### Your objective:
Give back the lines of the entries below exactly as written, from the first line to the line holding "国际电工新国标带线排插办公桌", both included, with the pictures omitted.

### Data:

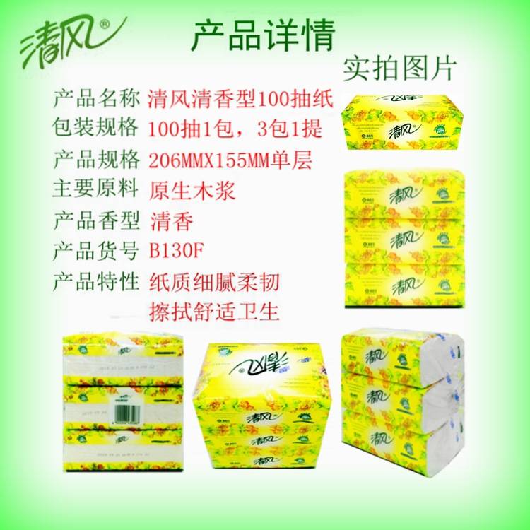 清风抽纸清香型100抽 24提起拍 3包1提礼品代发面巾纸餐巾纸纸巾 5.00 已售:0件
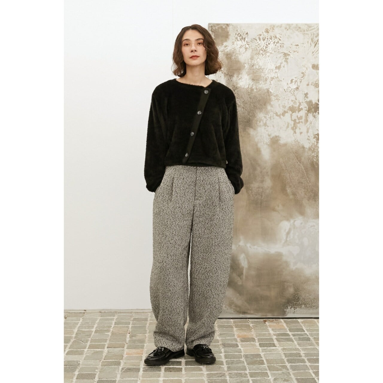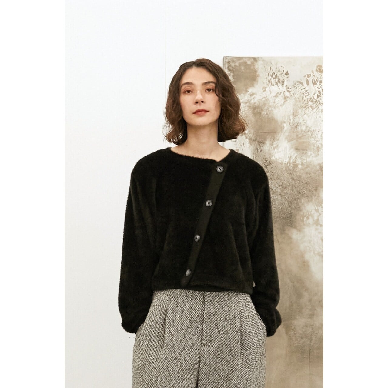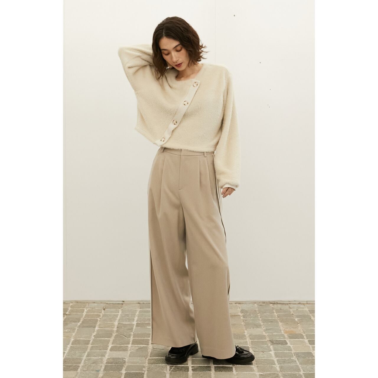 絶妙な丈感で、スカートにもパンツにも合わせやすく、バランスの取れた1枚です。
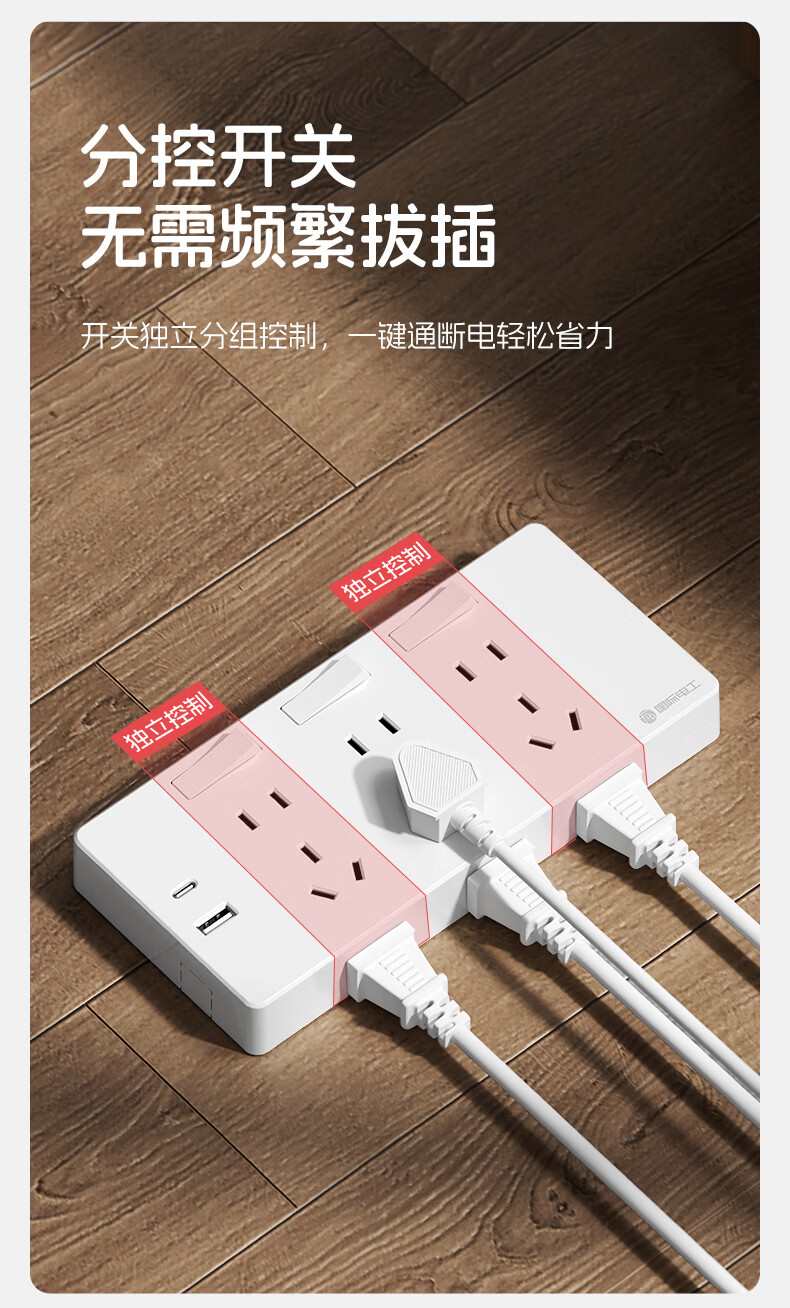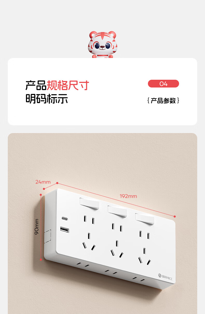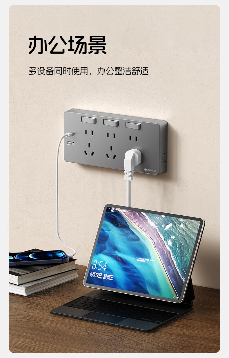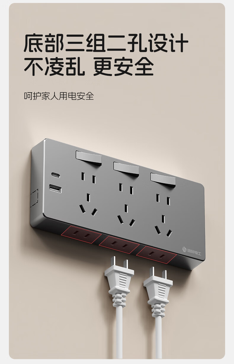 国际电工新国标带线排插办公桌面接线板电源排插斜面多孔位插排带20W快充 四位20孔一键总控【线长0.3米】
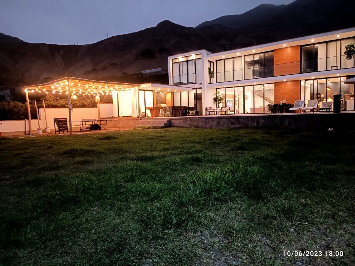 Beautiful and modern country house located in a condominium near the Lurín River in the town of Chontay, east of Cieneguilla. Surrounded by mountains and vegetation with the relaxing sound of the river and birds in the background, you will feel in the middle of nature. Ideal for disconnecting from the stress of the city and for nature lovers. And with enough games for the kids to disconnect from electronics. The pool and games are located inside the private house.
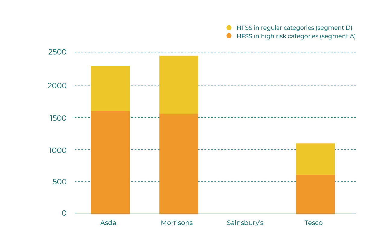 Uit het onderzoek blijkt dat Sainsbury's als enige supermarkt goed is voorbereid op de nieuwe beperking. De supermarkt stopte al eerder met multi-buy-promoties van alle HFSS-producten. De andere grote supermarkten leunen daarentegen nog steeds sterk op promoties die onder de nieuwe wet verboden zullen worden. Bij Asda en Morrisons liepen per week gemiddeld meer dan 300 van deze promoties. Tesco was iets gematigder met gemiddeld 120 multi-buy-promoties per week.
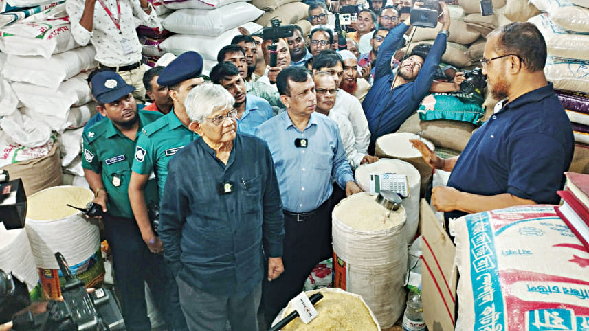 Commerce Adviser Salehuddin Ahmed visited the Karwan Bazar kitchen market in the capital to inspect the prices of essential commodities yesterday. During the visit, the adviser sought price charts of different commodities from the traders and suggested they reduce the gap in production, wholesale and retail prices. Photo: Star
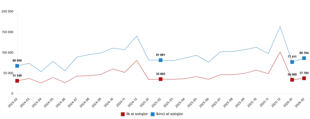 | İlk el satış | 37 785 | 35 695 | 5,9 | 71 854 | 70 478 | 2,0 |
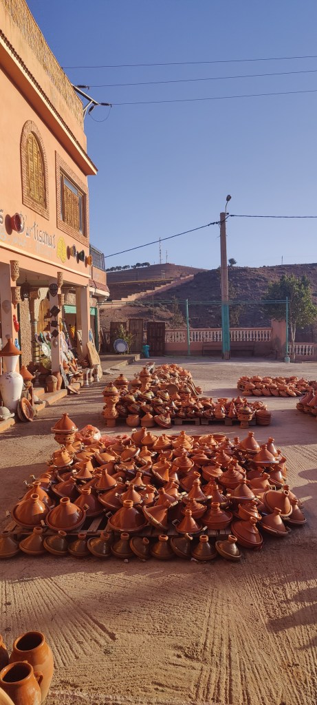 Time for another tour (https://www.airbnb.com/experiences/388245). This time to the Atlas mountains. The tour started at 8:30 so I managed to have my breakfast before that. Now I knew that I had had the “second breakfast of hobbits” every morning in the hotel including the different pancakes, cream cheese, jams etc. It was the same tour guide as the day before. This time he took us to his home village high up in the mountains. It was just an hour’s drive from Marrakesh with some stops on the way. We even followed the same beautiful mountain road that Tom Cruise used to ride his motorcycle in the Mission Impossible: Roque Nation movie. The first one was again in a local women’s cooperative. This was not as fancy as the one on the previous tour. But this time I was more ready to buy some stuff to help the local business as I knew the story already and I’m always for helping local entrepreneurs. The next stop was on a village market. This is the highlight of the local social scene. Nobody works on Saturday when there is a market happening. This is the place where the locals bring their chickens for sale and buy their weekly vegetables. And the gossip of course. Because all the buying and selling is done by men. No women participate in that.
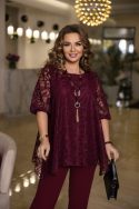 Додаткові характеристики: Ефектний комплект, в якому поєднується краса та якість. Комплектація з блузи та штанів. Ошатна блузка напівприлеглого силуету з тканини з легким елегантним мерехтінням. На поличці нагрудні виточки, виріз горловини акуратної округлої форми. Рукав втачний, вільний, низ прилаштований. Штани злегка звужені донизу. Пояс на резинці. У Вас не буде шансів залишитись непоміченою! На моделі розмір 50-52 Параметри моделі: Обхват грудей – 110 см Обхват стегон – 114 см
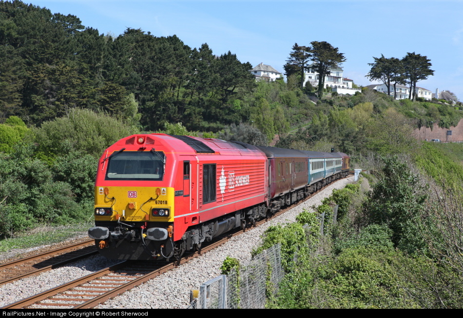 | 67018 hauls 2C67 08:00 Cardiff Central – Paignton service past Hollicombe Gas Works on Monday 10th May 2010. 67022 was on the rear. |
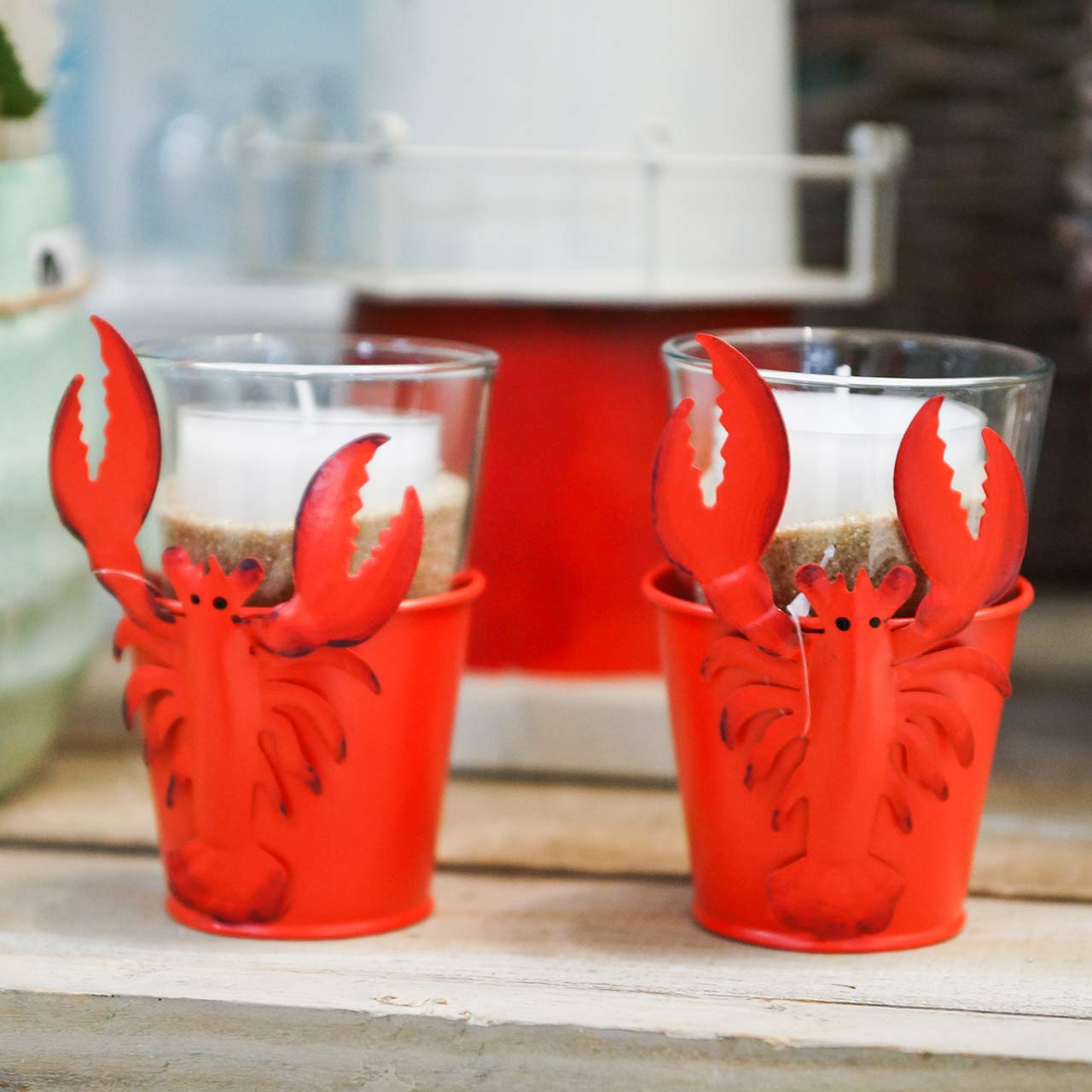 Decorative bucket lobster metal red Ø8cm H13cm 3 pcs

### Your solution:
 清风抽纸清香型100抽 24提起拍 3包1提礼品代发面巾纸餐巾纸纸巾 5.00 已售:0件
 絶妙な丈感で、スカートにもパンツにも合わせやすく、バランスの取れた1枚です。
 国际电工新国标带线排插办公桌面接线板电源排插斜面多孔位插排带20W快充 四位20孔一键总控【线长0.3米】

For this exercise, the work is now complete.